Cetavyam can be understood as the gerundive (or future passive participle) of either √1. ci, to pile up, to collect; or √2. ci, to seek for.

Depending on how we read cetavyam, the nominative neuter noun śreyas can also be translated in a number of ways – literally as “better” or “the better state” or “a better way;” or as representing śreyas in its masculine form, for which MW gives good, bliss, happiness, and the bliss of final emancipation.

To add further ambiguity, me could modify 
1. śreyas (my good / the good in me,); and/or 
2. cetavyam (to be piled up / collected / sought for by me); and/or 
3. niścayaḥ (my resolve / intention/ conviction).

If cetavyam is understood as “to be piled up,” then the concreteness of śreyas needs to be brought out by a translation like “the good.”

Taking cetavyam as meaning “to be sought for,” or “to be pursued,” my first instinct was to to read me as modifying not only niścayaḥ but also śreyas – “the better state in me is to be sought out.”

This reading of me is as per EBC's translation: Therefore my determination is, ‘I must seek my supreme good this very day.'

EHJ understood me to modify niścayaḥ and cetavyam, hence: Therefore my determination is that the supreme good must be sought by me this very day.

PO also understood me to modify niścayaḥ and cetavyam, and made me (I) into the subject, for a translation that sounds more natural in English:  Therefore, I have resolved, I must this very day seek final bliss.

If we want to clarify as big a gap as possible in today's verse, then, between ostensible and hidden meanings, PO's I must seek final bliss might have the virtue of bringing out the ostensible, or idealistic meaning, most conspicuously.

Therefore my resolve is that, this very day, I must pursue ultimate happiness.

If we take this pursuit of final bliss / ultimate happiness as the idealistic thesis, the concrete anti-thesis might be represented by “the heaping up of good”:

Therefore my [practical] intention is that, this very day, good shall be heaped upon good.

The heaping up of good, in this case, would suggest the heaping up of good karma, by one's concrete actions and concrete inactions in everyday life. I am probably deluding myself, but I would like to think that this translation effort day by day is the heaping up of good upon good – as opposed, say, to heaping up black karma as I bury Aśvaghoṣa's gold beneath layer upon layer of Mike Cross's dust.

Either way, moving on, as every good student of dialectic philosophy knows, where there is a thesis and an anti-thesis, somewhere in the middle a synthesis is to be dug out, and a synthesis might be represented here by “garnering the better state”:

Therefore my resolve is that, this very day, the better state is to be garnered in me.

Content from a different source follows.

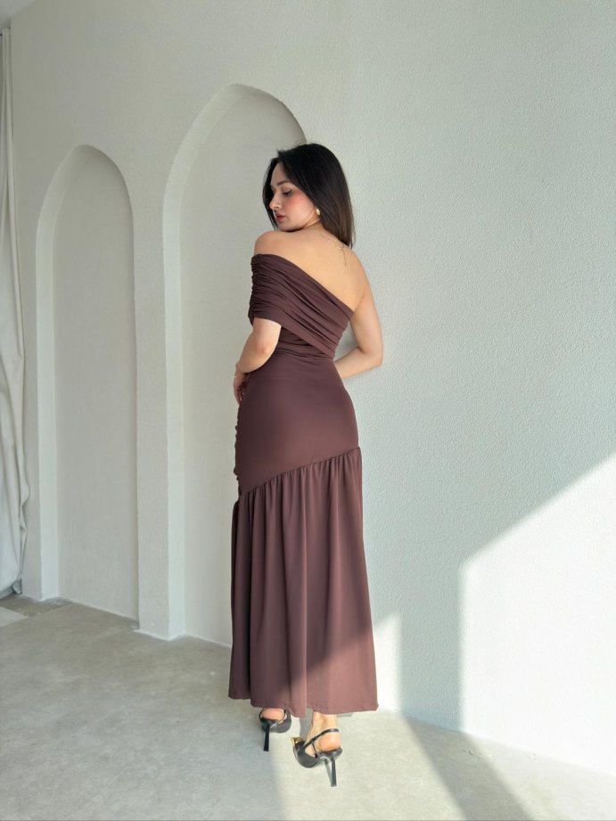 LİVA Puantiyeli Midi Elbise 8980 - Acı Kahve
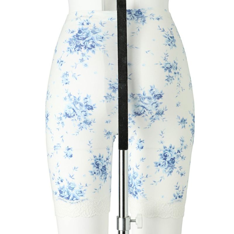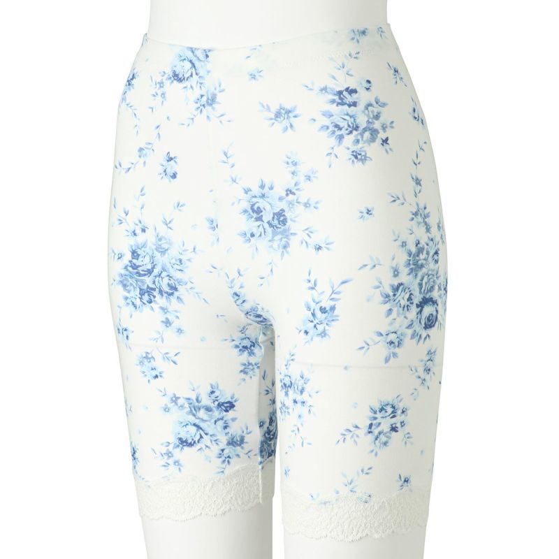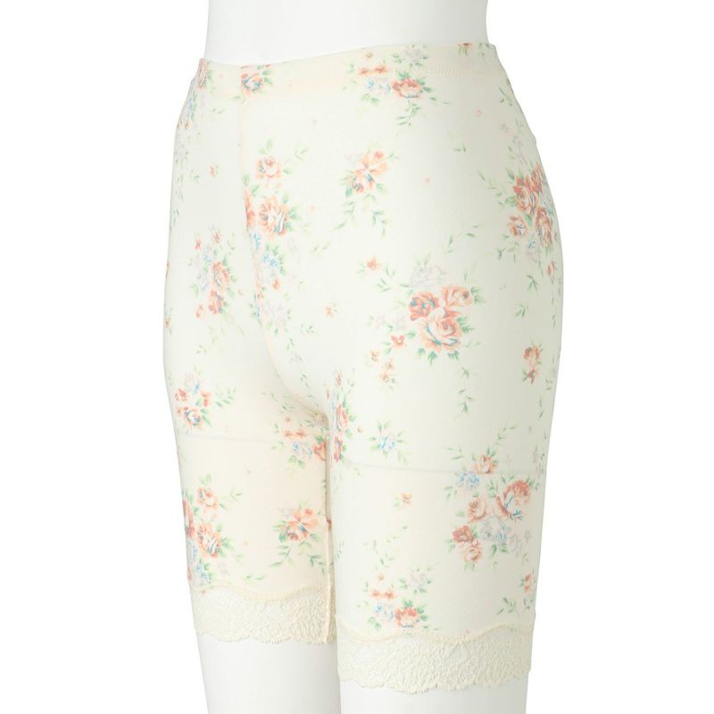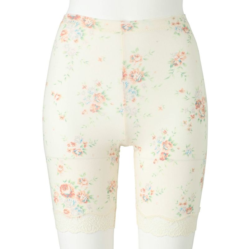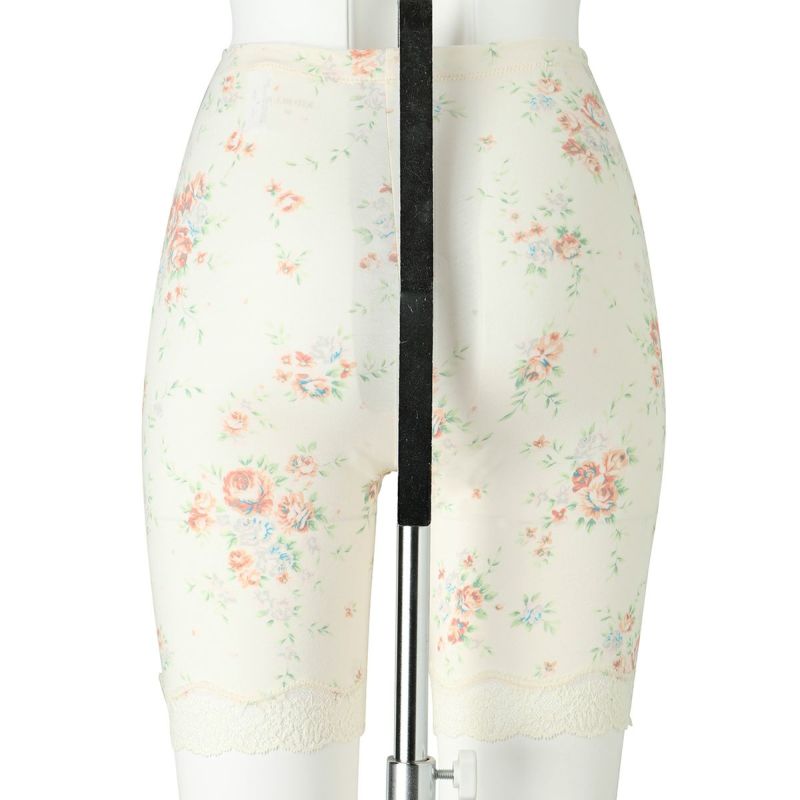 3分丈カルソンは、伸びがよいスーピマコットン地でほどよくフィット。裾はストレッチのある綿混レースでくいこみにくい。クロッチマチ付きなので1枚での着用も可能。ショーツに重ねて防寒対策にしたり、春夏はヒップや腿裏の汗止めに。

This, to my ears, is an expression of the fundamental point of sitting-meditation – learning the backward step of turning one's light and letting light shine, in such a way that body and mind spontaneously fall away and one's original features are allowed to emerge.

This, then, is the translation which I think, to a bloke whose main thing is sitting, delivers the strongest hidden or real meaning. It brings back to mind what Shinryu Suzuki says in Zen Mind, Beginner's Mind about sitting with strong confidence in our original nature. That being so, better to fit that teaching of a Zen ancestor, I would lke to translate niścayaḥ not so much as “resolve” or “intention” as “conviction.”

Therefore my conviction is that, this very day, the better state is there to be garnered in me.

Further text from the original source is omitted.